When the regular HTML parser is blocked on an external script, the
speculative parser scans ahead and pre-fetches discoverable
sub-resources. Previously those fetches were tracked only in the
parser's own URL list and never registered in the document's preload
map, so when the regular parser later reached each element fetch()'s
consume_a_preloaded_resource() lookup found nothing and issued a
duplicate request — every parser-blocked sub-resource was fetched
twice.
issue_speculative_fetch now creates a PreloadEntry, registers it
under create_a_preload_key(request) in the document's preload map,
and supplies a processResponseConsumeBody callback that populates
the entry. The map insertion happens after fetch() starts because
fetch() runs consume_a_preloaded_resource() synchronously, so
registering the entry beforehand would short-circuit the
speculative fetch itself.
The body-handling steps (1, 2, 5 of the preload algorithm's
processResponseConsumeBody) are factored into a shared
deliver_preload_response helper used by both the speculative parser
and HTMLLinkElement::preload.
Introduce IncrementalDocumentParser, which streams the response body
through a TextCodec::StreamingDecoder into the HTMLTokenizer one chunk
at a time. The tokenizer pauses when it runs out of input and resumes
once the next chunk is appended; when the body closes we close the
tokenizer's input stream so it can finish the parse.
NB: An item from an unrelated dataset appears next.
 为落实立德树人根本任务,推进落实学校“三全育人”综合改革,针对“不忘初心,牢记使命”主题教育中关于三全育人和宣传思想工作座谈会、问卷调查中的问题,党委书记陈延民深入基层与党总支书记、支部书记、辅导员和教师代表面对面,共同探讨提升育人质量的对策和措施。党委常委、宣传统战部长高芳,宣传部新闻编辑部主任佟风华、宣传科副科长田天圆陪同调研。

DocumentLoading routes HTML responses through the new parser instead of
buffering the full body before handing it to HTMLParser.
Pull the post-parse-action setup, run loop, and post-parse invocation
out of HTMLParser::run(URL, ...) into a new run_until_completion()
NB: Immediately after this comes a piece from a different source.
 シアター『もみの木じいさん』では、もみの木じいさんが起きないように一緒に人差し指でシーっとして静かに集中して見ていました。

method. The URL overload still calls it; behavior is unchanged. The
incremental parser will use this entry point directly without going
through the URL-setting overload.
Add a ScriptCreatedParser flag plumbed through HTMLParser's constructor
and create_for_scripting(). Only document.open()'s parser sets it to
Yes. Document::close() step 3 now checks is_script_created() so it
correctly skips parsers that weren't created via document.open(),
matching the spec.
Previously the check was just `if (!m_parser)`, which incorrectly let
document.close() insert an EOF into a network-driven parser. The bug
was mostly latent because the network parser used to finish quickly,
but it matters once the network parser stays alive for the duration of
a streamed parse.
Add can_run_out_of_characters() and use it in the
NamedCharacterReference state and consume_next_if_match() so that an
open input stream gets the same code-point-at-a-time treatment as an
active document.write insertion point. Without this, a network chunk
that ends partway through a named character reference or a
multi-character match would make the tokenizer commit to a "no match"
decision before the remaining bytes arrive.
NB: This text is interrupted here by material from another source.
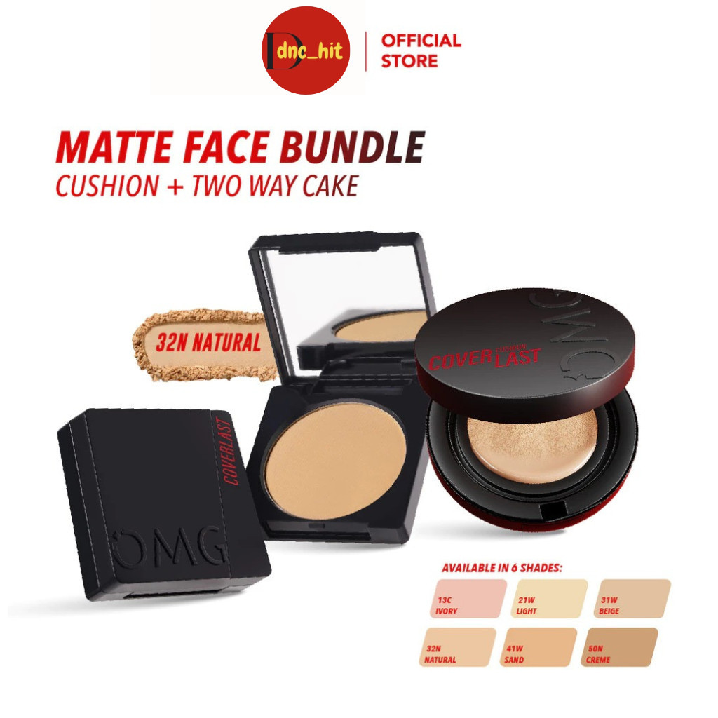 [BUNDLE] OMG Cushion + two way cake - High Coverage Dewy Finish - Poreless Cushion Longlasting, Waterproof, Transferproof Cushion Foundation

No behavior change for existing callers: the new helper still returns
false once the input stream is closed (which the StringView constructor
sets immediately).
Add an explicit "input stream closed" flag plus the streaming-input API
(append_to_input_stream, close_input_stream, is_input_stream_closed) to
let a future incremental driver feed bytes as they arrive. Rewrite
should_pause_before_next_input_character so the tokenizer pauses when
the buffer is exhausted but more bytes may still arrive, including the
case where a chunk ends in CR (CRLF normalization needs one code point
of lookahead).
Existing call sites are unaffected: the StringView constructor
immediately marks the input stream closed, and insert_eof() now also
closes the stream so document.close() drives the same exit path.
HTML newline normalization collapses CRLF into a single LF, so
next_code_point() needs one code point of lookahead at a CR to decide
whether the CR stands alone or is the first half of a CRLF pair. When
the tokenizer is paused at the insertion point and the next code point
to consume is a CR sitting one position before it, that lookahead has
not been written yet.
Previously the tokenizer consumed the CR and emitted it as LF, so a
subsequent document.write() that began with LF surfaced as a second
LF instead of being absorbed into the original CRLF pair.
Stop one code point earlier in this case and wait for the next write
to arrive. This makes four html5lib write_single WPT tests pass.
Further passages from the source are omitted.